The data below should be transcribed in full, with no picture included.

Material provided ▸
-------------------------
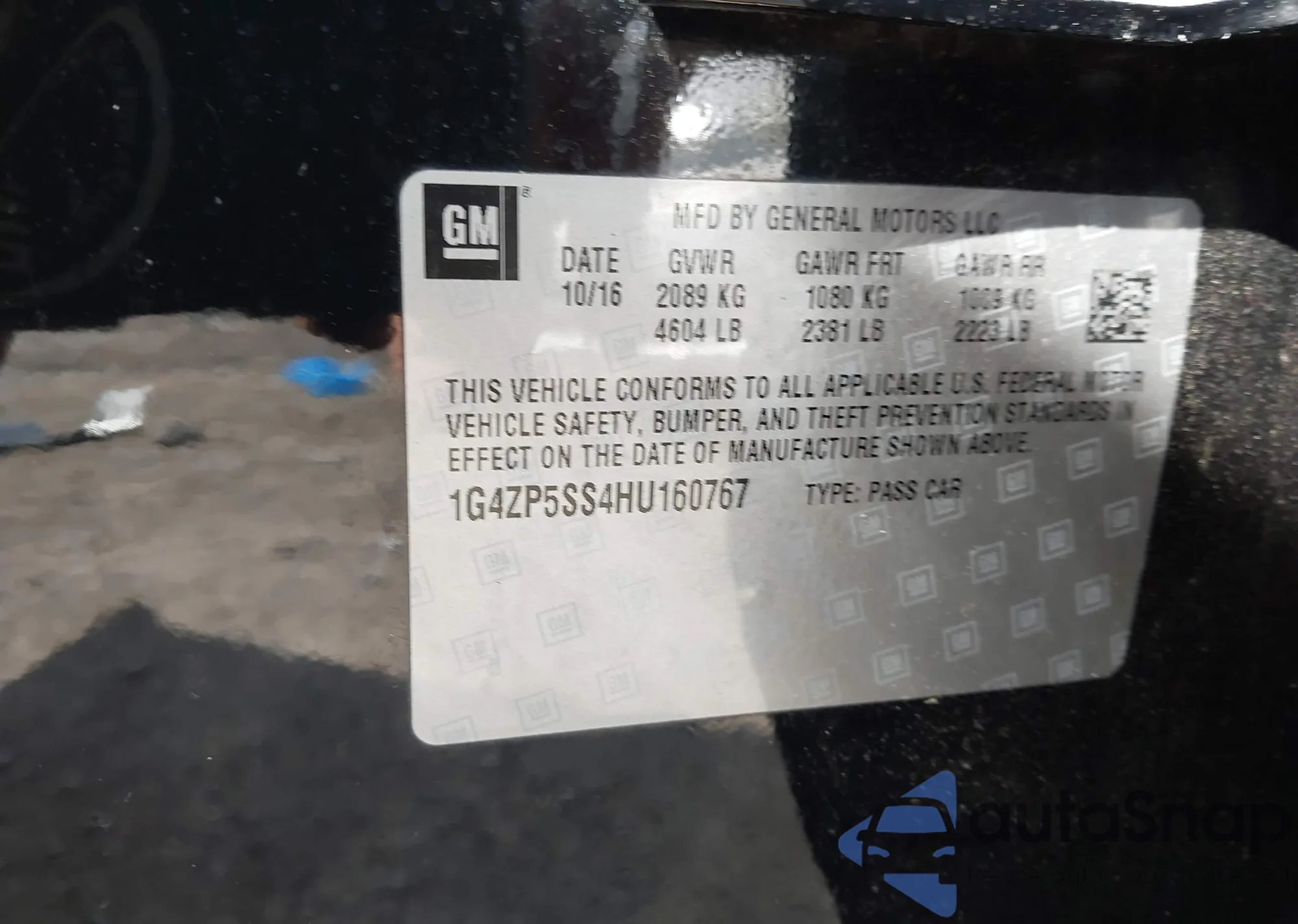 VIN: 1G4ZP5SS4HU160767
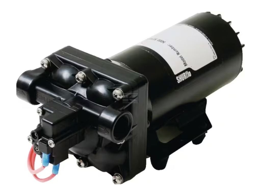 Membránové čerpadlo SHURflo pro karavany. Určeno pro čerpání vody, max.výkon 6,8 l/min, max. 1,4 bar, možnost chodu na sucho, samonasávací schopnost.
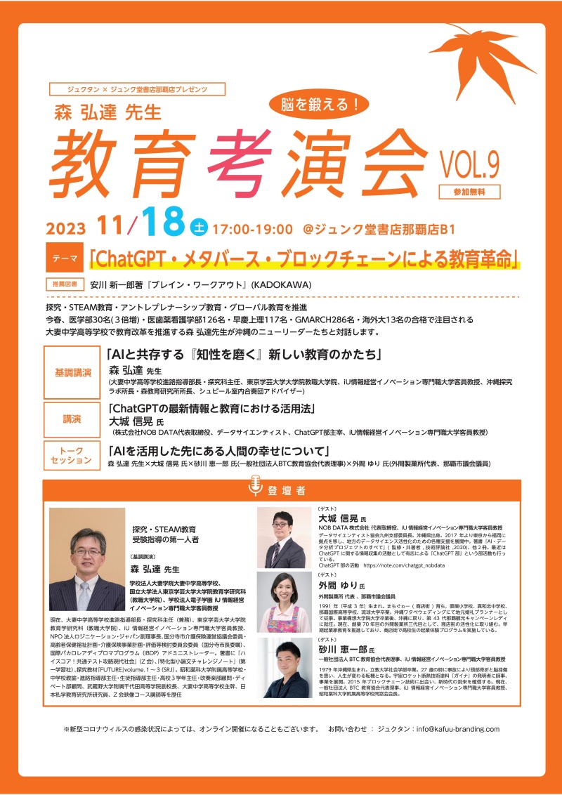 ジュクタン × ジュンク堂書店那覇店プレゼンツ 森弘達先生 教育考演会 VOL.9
-------------------------
Task answer ▸
 VIN: 1G4ZP5SS4HU160767
 Membránové čerpadlo SHURflo pro karavany. Určeno pro čerpání vody, max.výkon 6,8 l/min, max. 1,4 bar, možnost chodu na sucho, samonasávací schopnost.
 ジュクタン × ジュンク堂書店那覇店プレゼンツ 森弘達先生 教育考演会 VOL.9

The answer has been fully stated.